“In every step through nature one receives
much more than one is looking for”.
— John Muir
Some years ago, when I was still a young beardless young man, I met Ulises. He was a
writer and a professor of Logic at the high school where I began to study when the
summer of that year had only a few days left. During the course of my academic life I
always studied in a closed classroom, until Ulises, a few days after starting the course,
took the class for a walk through the gardens that guarded the high school building.

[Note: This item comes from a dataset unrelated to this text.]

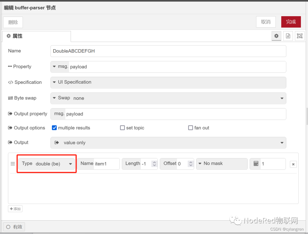 双击复制的FloatABCD节点,将其改名为DoubleABCDEFGH,修改数据解析类型为“Type double (be)”,点击“完成”按钮确定修改。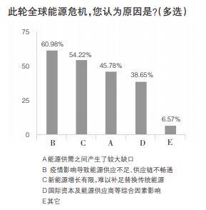 調(diào)查結(jié)果顯示,此輪能源危機,244人認(rèn)為能源供需之間產(chǎn)生了較大缺口,占比45.78%;325人認(rèn)為疫情影響導(dǎo)致能源供應(yīng)不足、供應(yīng)鏈不暢通,占比60.98%;289人認(rèn)為新能源增長有限,難以補足替換傳統(tǒng)能源,占比54.22%;206人認(rèn)為受國際資本及能源供應(yīng)商等綜合因素影響,占比38.65%;35人認(rèn)為受其他因素影響,占比6.57%。

After a few minutes a portentous shadow marked our halt: in front of us and from above,
an ancient ahuehuete (which in Nahuatl means “old man of the water”) without a name
was silently watching us.
Every two weeks Ulises took us to the house of the ahuehuete to give us the class of
Logic; without realizing it, the reasoning of one of the branches of Philosophy slipped
almost naturally into our memory, to the point of becoming entangled in the synapses of
each one of us (the students of the third group of the first year). Having the voice of
nature as background music while Ulises taught us how to use truth tables provided us
with a serene scenario ideal for determining whether the conjunction of two propositions
was true, false, or contingent.
Within the wide repertoire of benefits that being in a natural environment can offer us
during the learning process —benefits that you can experience in Logic classes— we
have the possibility of promoting physical activity; our anxiety and stress levels
decrease, making it easier to concentrate on the teacher's words, while the
development of relationships with the other members of the class improves.